Monday, July 25, 2005

Rent -- we paid too much

Rent is inflated and this time we are not talking about real estate. Sure it has great music and the cast is talented, but the play lacks direction. It started off pretty crazily, but once we had reconciled ourselves to the fact that our ticket-money would not buy us a visual feast on the scale of The Lion King or even Chicago (where most of the cast was in fishnet body stockings) we noticed that the music was really good and we got down with it. But that was all before the intermission. While we hung around the counter and bought thimbles of water/soda/wine at prices normally reserved for airport lounges, we almost convinced ourselves that Rent was the real deal. It was quirky, post-modern and definitely different from the standard musical fare. In particular, the "candle" song was a lively interpretation of the original from Puccini's La Boheme.

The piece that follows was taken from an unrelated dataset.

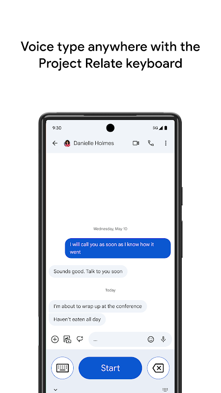 Setelah anda melengkapkan rakaman anda, Project Relate akan belajar memahami cara anda bercakap dengan lebih baik. Anda kemudiannya boleh menggunakan mod Dengar & Ulang dalam Project Relate untuk membantu lebih difahami oleh orang di sekeliling anda & papan kekunci Project Relate dalam semua Apl Android untuk menyalin mesej pendek & teks bentuk panjang anda.

We made generous allowance for the fact that it was nine years old and that we were probably too well-fed and yuppie to understand why people with AIDS were falling in tempestous relationships with crack-whores. We even agreed to let the overdone minimalist phonecall motif by without much comment.

So we braced ourselves for a plot that plunged deep into human misery and torment, and waited for the climax. Then the lights came on and we cheered the cast who came in to recieve three encores from a half empty theatre all the while wondering how four of us might have missed the climax simultaneously. My guess is it was lost somewhere in the melee while Angel was dying and turning into Mimi's guardian angel and miraculously reviving her from death in a communal love-fest faintly reminscent of Woodstock '69.

We looked around and most of the folks around us, like us, were puzzled to the very end. Many were relieved that they had seen it and crossed it off their "things to see before I die" lists with gusto. The rest of us tourists decided that we would go back to the rest of the world -- the anti-Manhattan -- and roast it before the movie came out.

Rent's biggest problem is its lack of focus. It never really defines what the primary narrative thread is. The central premise of Rent is that its characters are all brilliant and smart and educated and savvy but they are either gay or dying of the virus and are therefore automatically marginalized and so they have to resort to living out their indie-hip bohemian existence. A lot of the motivations of the characters, all variations on the theme of the recalcitrant refusal to `sell out' to `the Man', seem remote, if not anachronistic, to the distinctly un-Bohemian 21st century audience. Like the Manhattan lofts where the characters squat, the people that Rent talks about have long since been remodelled, repackaged and marketed for millions.